Synthetic Spores Give Insight into the Real Thing and Reveal Functional Applications


Artificial bacterial spore-like particles. In this image, silica beads that are two micrometers in diameter are coated with a membrane, atop which the basement layer of the Bacillus subtilis spore coat is assembled. The structural component of the coat is covalently linked to a small molecule, a fluorescent dye (shown in red), thereby demonstrating the drug display potential of these particles.

Spores from bacteria, such as Bacillus subtilis, are produced to allow the bacterium’s genetic material to survive harsh environments. When the bacterium senses nutrient depletion, it divides asymmetrically into a forespore and a mother cell. The mother cell engulfs the forespore, and coat proteins synthesized by the mother cell localize to the surface of the forespore. The mother cell eventually ruptures, releasing the mature spore, which is surrounded by a thick shell of approximately 70 different proteins. This protein coat is one of the most durable static biological structures, but, because of its complexity, detailed studies of how the coat forms have been lacking. Kumaran Ramamurthi, Ph.D., of CCR’s Laboratory of Molecular Biology, and his colleagues including postdoctoral fellow and lead author of the study I-Lin Wu, Ph.D., decided to investigate the assembly of the basement layer of the spore coat by decorating spherical membranes supported by silica beads with SpoIVA and SpoVM, proteins which are known to be required for coat assembly.

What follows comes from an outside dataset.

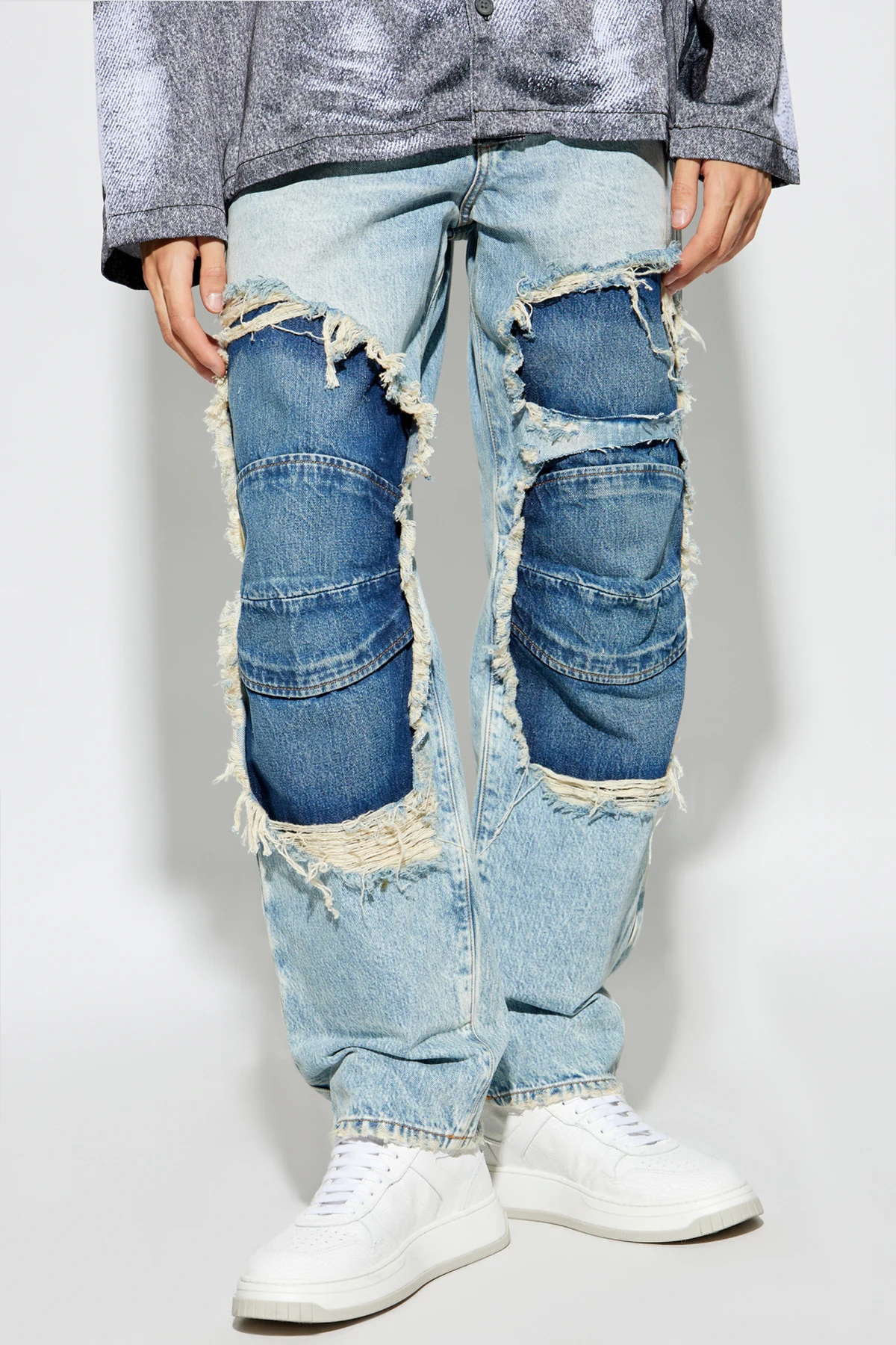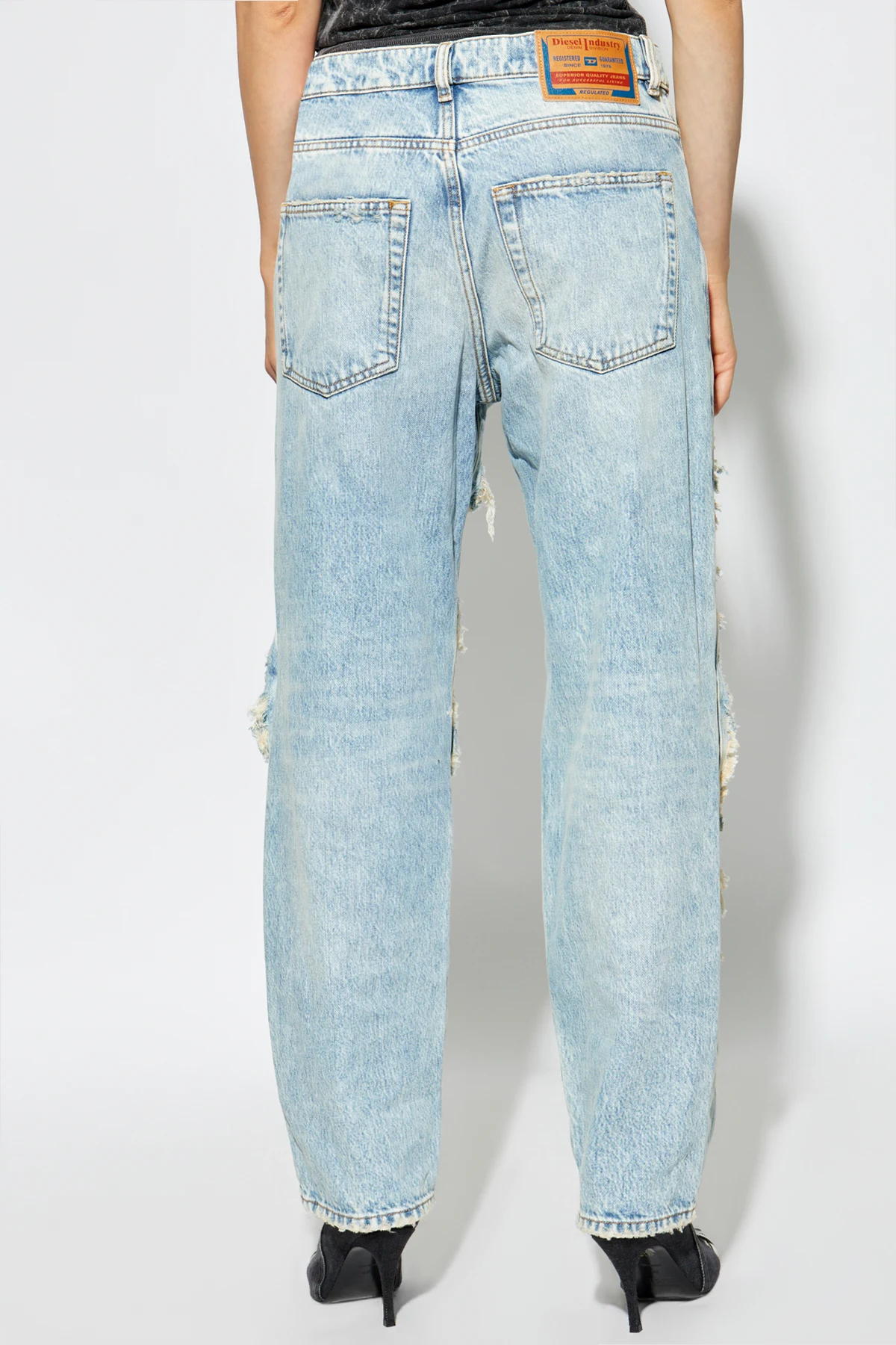 Introducing the exquisite D-FIRE-FSF jeans from our exclusive men's collection, a masterpiece by the renowned Italian designer, Diesel. Crafted from pure, classic denim, these jeans embody a raw, vintage allure with their distinctive frayed edges and irregular abrasions. The regular fit design boasts a comfortable, relaxed cut around the thighs, maintaining a straight silhouette along the legs. The light blue hue, accentuated by darker patches peeking through the distressed areas, exudes a rugged yet sophisticated charm. Thoughtful details, such as the leather patch on the waistband and the two traditional back pockets, enhance the jeans' authenticity and premium quality. The zipper fly and button closure ensure practicality, while the absence of elastane guarantees a true denim experience. Why Choose This Product? High-quality craftsmanship by Diesel, a leader in the fashion industry. Unique, distressed design for a bold, casual look. Comfortable, regular fit suitable for everyday wear. Timeless vintage appeal with modern touches. Durable, 100% cotton material for long-lasting wear.

In the current model of basement layer assembly, SpoVM spontaneously inserts into the convex membrane of the forespore to mark it for coat assembly and to recruit and anchor SpoIVA. In support of this model, the researchers observed a uniform distribution of SpoIVA around the forespore but only in mother cells that expressed SpoVM. Without SpoVM, SpoIVA clumped together in one spot on the forespore. The investigators saw similar results when they incubated phospholipid bilayer-coated silica beads (also called spherical supported lipid bilayers or SSLBs) with purified SpoIVA with or without synthesized SpoVM peptides, respectively. These results indicate that SpoIVA has some natural affinity for membranes but that uniform distribution around a spherical membrane requires SpoVM.

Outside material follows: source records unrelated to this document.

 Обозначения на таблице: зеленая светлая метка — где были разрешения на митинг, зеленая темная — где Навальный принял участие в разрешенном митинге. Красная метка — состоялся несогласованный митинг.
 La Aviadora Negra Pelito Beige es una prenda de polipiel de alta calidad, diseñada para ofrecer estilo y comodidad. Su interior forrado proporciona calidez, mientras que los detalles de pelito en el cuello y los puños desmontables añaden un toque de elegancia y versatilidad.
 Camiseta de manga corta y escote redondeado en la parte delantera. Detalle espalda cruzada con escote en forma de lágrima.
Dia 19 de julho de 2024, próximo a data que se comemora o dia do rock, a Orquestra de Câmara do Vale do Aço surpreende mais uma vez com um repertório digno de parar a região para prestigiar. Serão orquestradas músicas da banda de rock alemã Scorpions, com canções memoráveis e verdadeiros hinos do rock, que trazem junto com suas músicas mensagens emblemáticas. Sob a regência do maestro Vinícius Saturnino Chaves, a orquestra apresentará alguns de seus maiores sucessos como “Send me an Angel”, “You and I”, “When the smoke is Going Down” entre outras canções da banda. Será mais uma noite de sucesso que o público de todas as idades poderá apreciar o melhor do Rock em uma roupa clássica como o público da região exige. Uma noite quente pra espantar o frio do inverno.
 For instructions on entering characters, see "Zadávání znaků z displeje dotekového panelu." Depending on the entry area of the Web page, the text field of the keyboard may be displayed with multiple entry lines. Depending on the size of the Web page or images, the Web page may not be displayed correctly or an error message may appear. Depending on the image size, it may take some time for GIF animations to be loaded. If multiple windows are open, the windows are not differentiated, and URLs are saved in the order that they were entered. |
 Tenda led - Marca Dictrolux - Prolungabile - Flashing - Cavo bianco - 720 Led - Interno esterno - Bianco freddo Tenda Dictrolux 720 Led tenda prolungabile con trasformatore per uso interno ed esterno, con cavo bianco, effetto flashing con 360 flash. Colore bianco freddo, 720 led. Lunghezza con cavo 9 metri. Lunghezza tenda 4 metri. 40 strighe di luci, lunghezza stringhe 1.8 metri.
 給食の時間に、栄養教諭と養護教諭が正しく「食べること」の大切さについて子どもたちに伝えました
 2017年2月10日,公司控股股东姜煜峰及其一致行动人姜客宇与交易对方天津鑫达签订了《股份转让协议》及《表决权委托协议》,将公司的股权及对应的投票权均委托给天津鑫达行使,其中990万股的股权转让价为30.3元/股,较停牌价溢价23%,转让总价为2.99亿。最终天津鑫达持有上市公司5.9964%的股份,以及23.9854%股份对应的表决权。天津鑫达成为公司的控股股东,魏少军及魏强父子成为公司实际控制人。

SpoIVA is also known to bind and hydrolyze ATP to generate a conformational change that allows it to polymerize. To see whether ATP is important for the association of SpoIVA with the forespore, the scientists expressed in bacteria a SpoIVA mutant, K30A, which disrupts ATP binding. They found that the K30A mutant fails to coat the forespore surface as well as the wild type protein. Because they also observed more of the mutant in the cytosol, the researchers wondered whether the SpoIVA interaction with the forespore was reversible in the absence of polymerization. Using the SSLB system, they varied the amount of ATP and saw similar adsorption of SpoIVA at all concentrations. However, a competition assay with unlabeled SpoIVA revealed that pre-bound, labeled SpoIVA was eliminated rapidly from the surface of the SSLBs in the absence of ATP whereas with ATP a majority of the labeled SpoIVA remained associated even three days later. These results suggest that there is a dynamic exchange between cytosolic and forespore-bound SpoIVA and that stable association of SpoIVA with the membrane requires ATP hydrolysis.

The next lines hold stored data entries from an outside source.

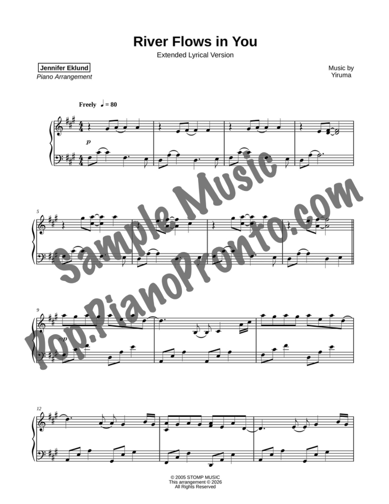 River Flows in You, composed by Yiruma, set in a sparkling lyrical arrangement for late intermediates by Jennifer Eklund. This is an extended version with added solo sections and a run-time just over 6 minutes.
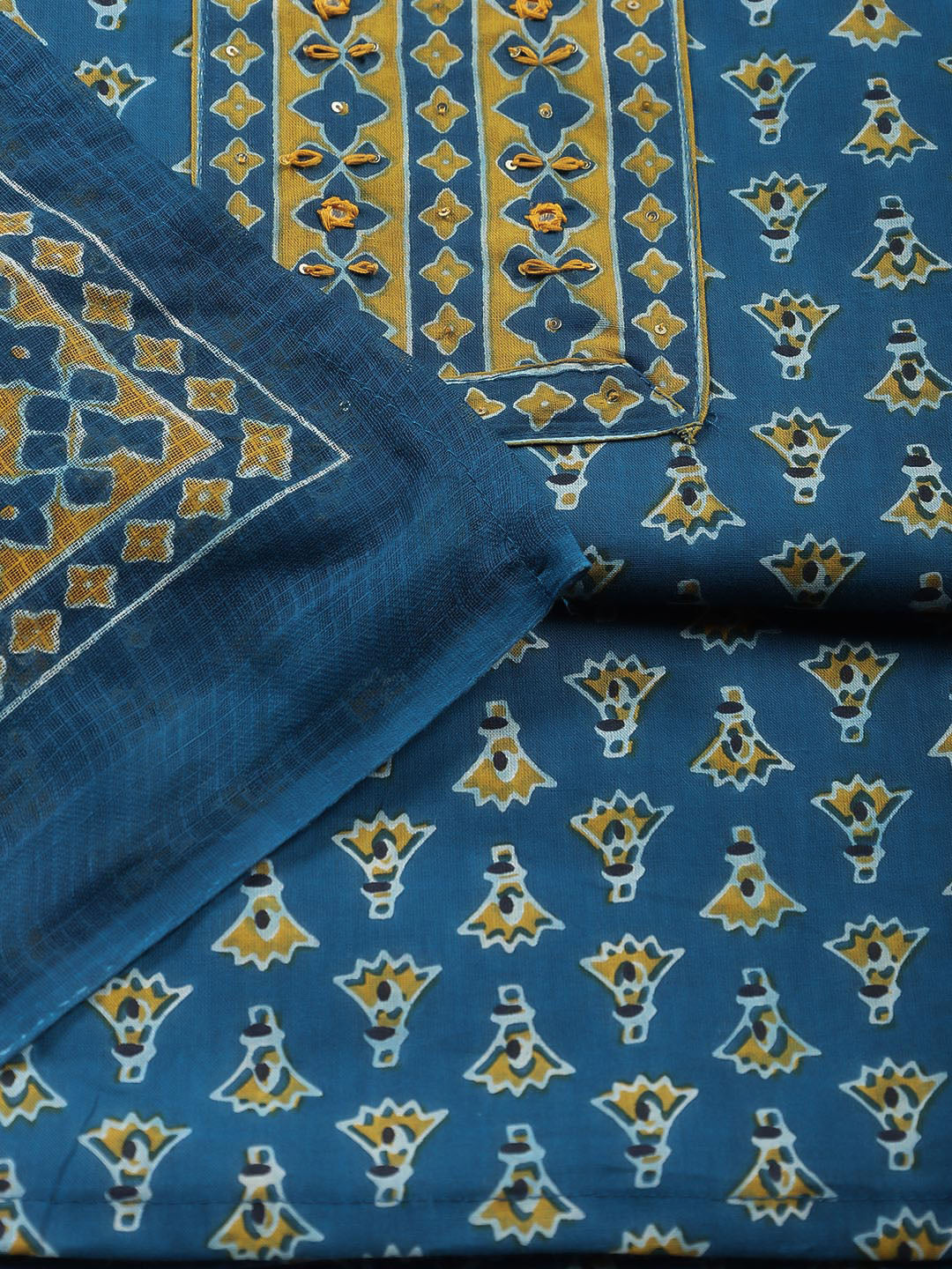 Printed Cotton Blend Unstitched Suit Piece With Dupatta
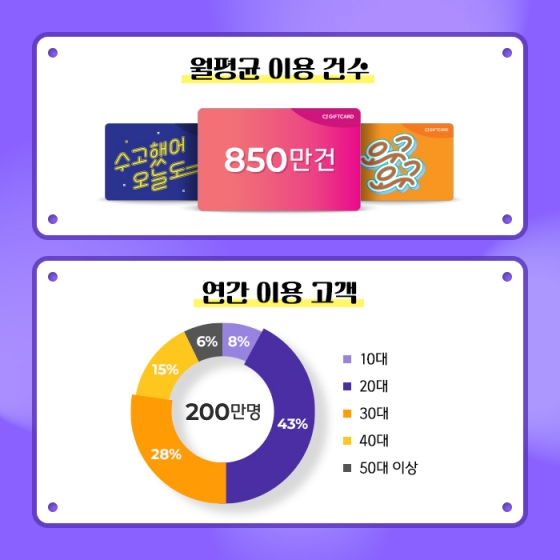 고객 이용 트렌드를 살펴보면, CJ기프트카드를 이용하는 고객은 연간 200만 명 이상으로, 그 중에서도 MZ 세대가 71%로 높은 비중을 차지한다. 세대별로 보면 20대(43%), 30대(28%), 40대(15%), 10대(8%), 50대 이상(6%) 순으로 활발하게 사용하는 모습을 보였다.

Because relatively little is known about the structural features of the spore basement layer and their in vitrosystem mimicked the behavior of basement layer proteins in vivo, the investigators used scanning electron microscopy to examine the surface of SSLBs without and with associated proteins. Plain SSLBs were largely smooth, and adding SpoVM did not change the surface. In contrast, the addition of SpoVM and SpoIVA in the presence of ATP caused the surface to become roughened with non-uniform protrusions that were unevenly spaced. This structure resembled previously-reported surfaces of mutant spores that fail to assemble outer layers of the spore coat. SSLBs incubated with SpoVM and SpoIVA without ATP or with SpoVM, ATP, and SpoIVA K30A, however, retained smooth surfaces suggesting the static polymerized protein shell has a distinct structure from one with only adsorbed proteins.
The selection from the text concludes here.